Marks hesitated. “You sure?” he asked.
“Yes,” Prossie answered firmly.
She was sure of her decision-but she wished she was sure she was right.
* * * *
Pel turned, startled, at a tap on his shoulder, and found Prossie Thorpe just behind him.
“Mr. Brown,” she said quietly, without preamble, “I was wondering just what your opinion was on Wilkins.”
“My opinion?” Pel glanced around; no one else seemed to be paying any attention. He had half expected to see Nancy glaring at him for talking to another woman this way, but Nancy was dead, she wasn’t with them. “My opinion is that he’s gone,” Pel said. “What do you mean, my opinion?”
“I mean, do you think he got away safely?”
Pel shrugged. “I don’t know. He probably did, but I don’t know any more than you do. Maybe less, if your telepathy can tell you anything.”
“Not about that,” Prossie said. “I still hear from Base One sometimes, but they’ve written us all off as lost.”
Pel nodded. “I’m not surprised,” he said.
“So do you think Wilkins was right, that he did the right thing by turning back?”
“Or aside,” Pel said. “We don’t know where he went, remember.”
“But do you think he was right?” Prossie insisted.
Pel shrugged again. “Who knows?”
“He thought we were all walking into a trap, you know,” Prossie said.

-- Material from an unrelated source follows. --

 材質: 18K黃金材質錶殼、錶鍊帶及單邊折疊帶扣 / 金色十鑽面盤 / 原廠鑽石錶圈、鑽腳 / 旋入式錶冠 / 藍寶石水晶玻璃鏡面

“So he said,” Pel replied.
Prossie nodded. “He talked to me about it a little; he figured that Shadow might want you, because the warp came out in your house, and Raven because he’s the lord of Stormcrack, and Valadrakul because he’s a wizard, and so on, but that it wouldn’t have any use for a bunch of ordinary Imperial soldiers.”

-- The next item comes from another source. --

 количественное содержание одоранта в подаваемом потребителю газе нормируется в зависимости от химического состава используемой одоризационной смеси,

Pel thought that over. “He might’ve been right,” he admitted.
“So what about the others?” Prossie asked. “I mean, I’m a telepath, so maybe I’m one of the special ones, too, but what about Marks and Sawyer and Singer?”
“What about them?” Pel asked, trying to figure out what Prossie was leading up to.
“What if they turned back, instead of going on with the rest of us?”
Pel shrugged; he started to say, “It’s a free country,” then remembered where he was. “They can do what they please,” he said. “I’m not their jailer.”
“But do you think it would be safe?”
Pel gave her a startled look.
“I mean,” Prossie explained, “Wilkins thought that if we turned back, then we’d find Shadow’s monsters waiting for us, that it was only leaving us alone as long as we stayed headed in the right direction. So if someone it wanted turned back, he would be running right into the monsters. So do you think Marks and Sawyer and Singer would be safe?”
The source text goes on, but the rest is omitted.